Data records

===============

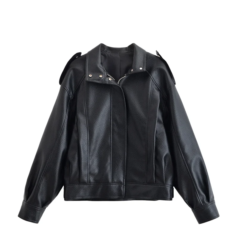 Women’s Faux Leather Moto Jacket Zip Front Pockets
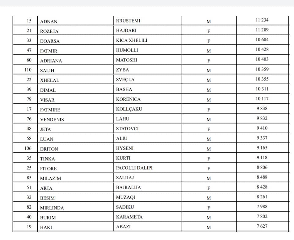 Është bërë publike lista e votave që kanë marrë anëtarët e Lëvizjes Vetëvendosje dhe listës së Vjosa Osmanit në zgjedhjet e 14 shkurtit.
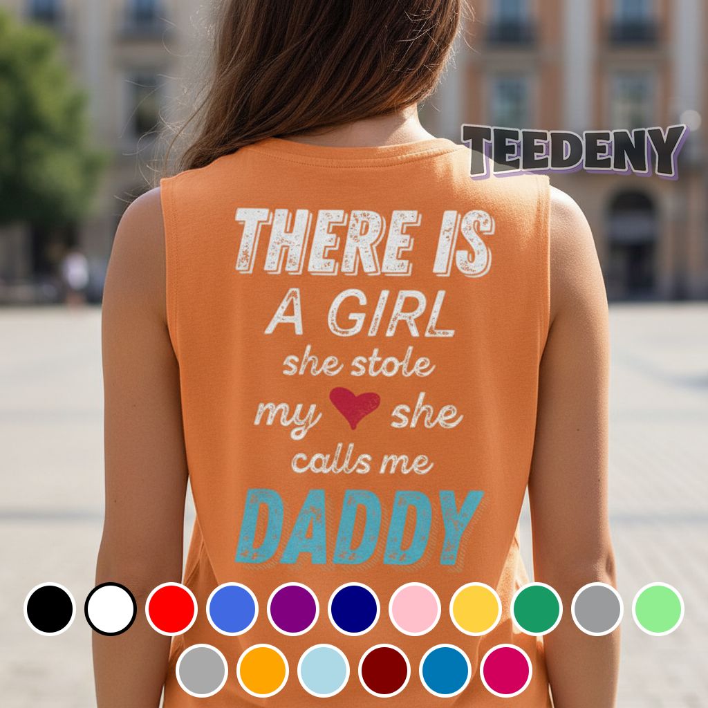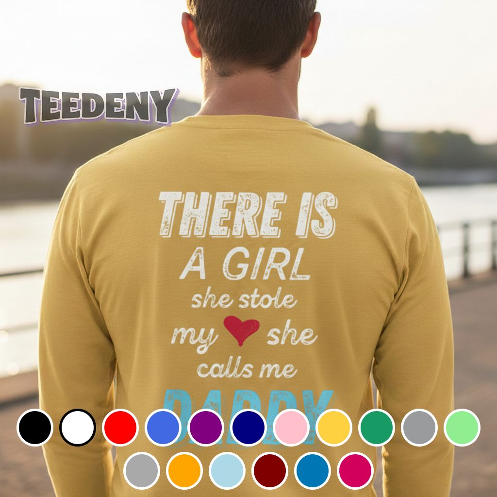 Adorning the front of the shirt is an endearing graphic that showcases the phrase “There Is A Girl Who Stole My Heart She Calls Me Daddy,” designed in a playful yet striking font. The typography intertwines seamlessly with charming heart motifs, creating a whimsical effect that captures attention. Dominated by soft pastel shades, particularly gentle pinks and soothing blues, the color palette blends harmoniously, allowing the text to stand out without overpowering the overall aesthetic. The design is thoughtfully centered, utilizing a relaxed layout that resonates with casual wear while inviting a personal connection.
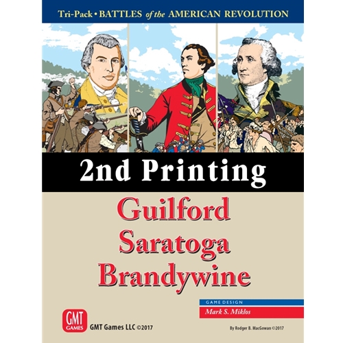 The P500 reprint is The American Revolution Tri-Pack (2nd Printing), repackaging three older American Revolution games from designer Mike Miklos: Saratoga, Guildford and Brandywine.
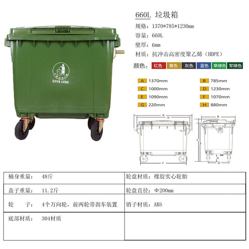 歸屬行業(yè):660升環(huán)衛(wèi)垃圾桶廠家,加厚新料戶外垃圾車價(jià)格,660升戶外垃圾桶批發(fā)
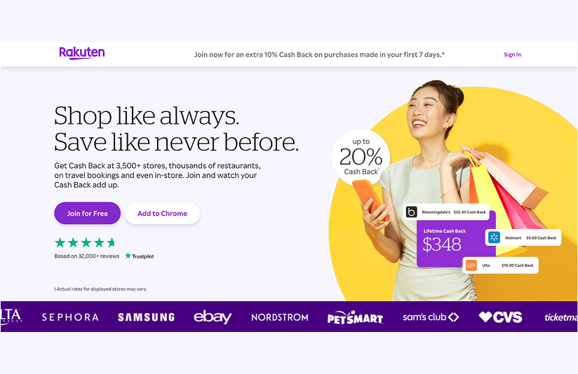 Что такое Rakuten? - это кэшбэк-сервис, позволяющий пользователям получать возврат части потраченных средств при покупках в тысячах американских интернет-магазинах. Также как и на Mr. Rebates вы получаете кешбэк, совершая покупки через сайт, а затем можете вывести средства на свой кошелек PayPal.
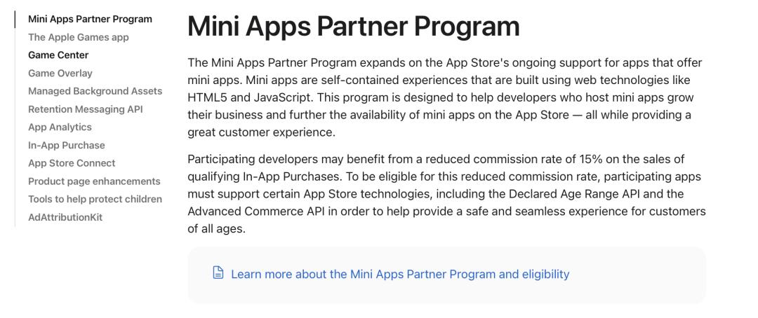 也就是说,小程序在 iOS 上终于不是灰色地带,而是被承认、被规范、被商业化的应用形态。
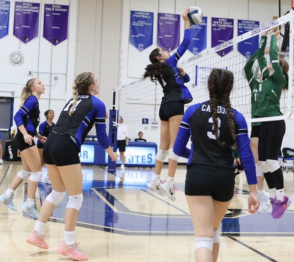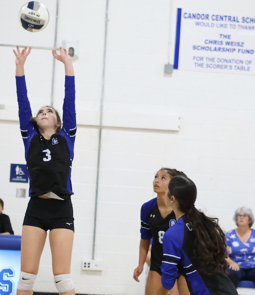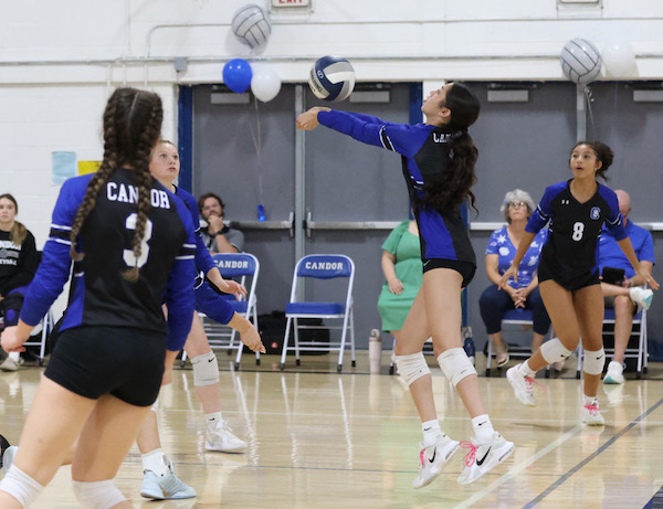 Tori Hall led Candor with 13 points (two aces), two kills and two assists, while Ashlan Heidl had nine points (four aces), five assists, and one block, Anna Kelsey had three points and two kills, Ava Halstead and Kaedyn Everhart added four points apiece, and Ava Anderson chipped in with three points (two aces).
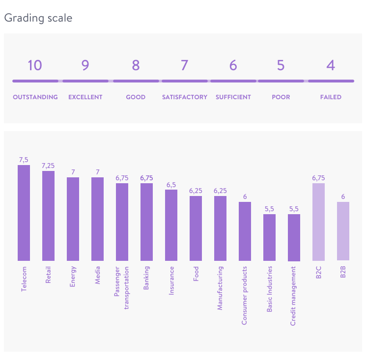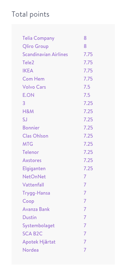 Sammanfattningsvis så kan vi säga att många branscher och företag är på rätt spår, men det finns utrymme för förbättringar. Telia och Qliro Group (som bland annat äger CDON, Gymgrossisten och tretti.se) är ledarna på 8 poäng. Det är absolut inte dåligt, men som sagt: 7 är medel på skalan.
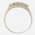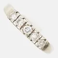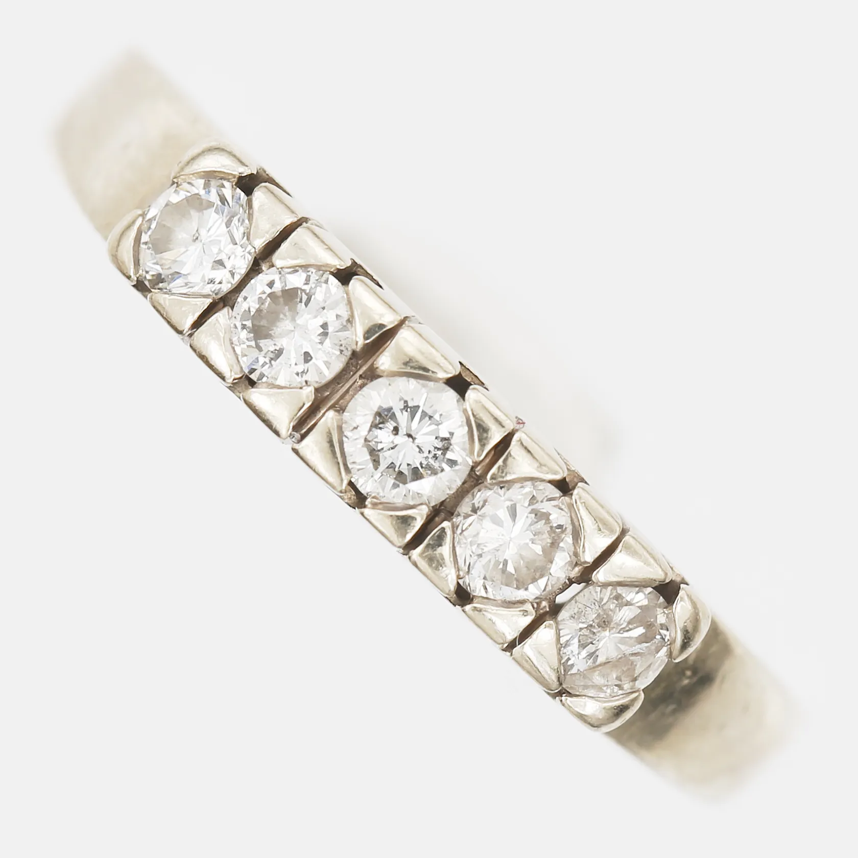 Ring med briljantslipade diamanter 5 x ca 0,10ct, stl: 18¾, bredd: 1,5-4mm, bör rodieras, 18K vitguld. Vikt: 4,7 g.

===============

*WORK REQUEST*.
Print the lines from the one holding "Sammanfattningsvis så kan" through the last line of the records, word for word, and omit the pictures.

*EXERCISE SOLUTION*.
 Sammanfattningsvis så kan vi säga att många branscher och företag är på rätt spår, men det finns utrymme för förbättringar. Telia och Qliro Group (som bland annat äger CDON, Gymgrossisten och tretti.se) är ledarna på 8 poäng. Det är absolut inte dåligt, men som sagt: 7 är medel på skalan.
 Ring med briljantslipade diamanter 5 x ca 0,10ct, stl: 18¾, bredd: 1,5-4mm, bör rodieras, 18K vitguld. Vikt: 4,7 g.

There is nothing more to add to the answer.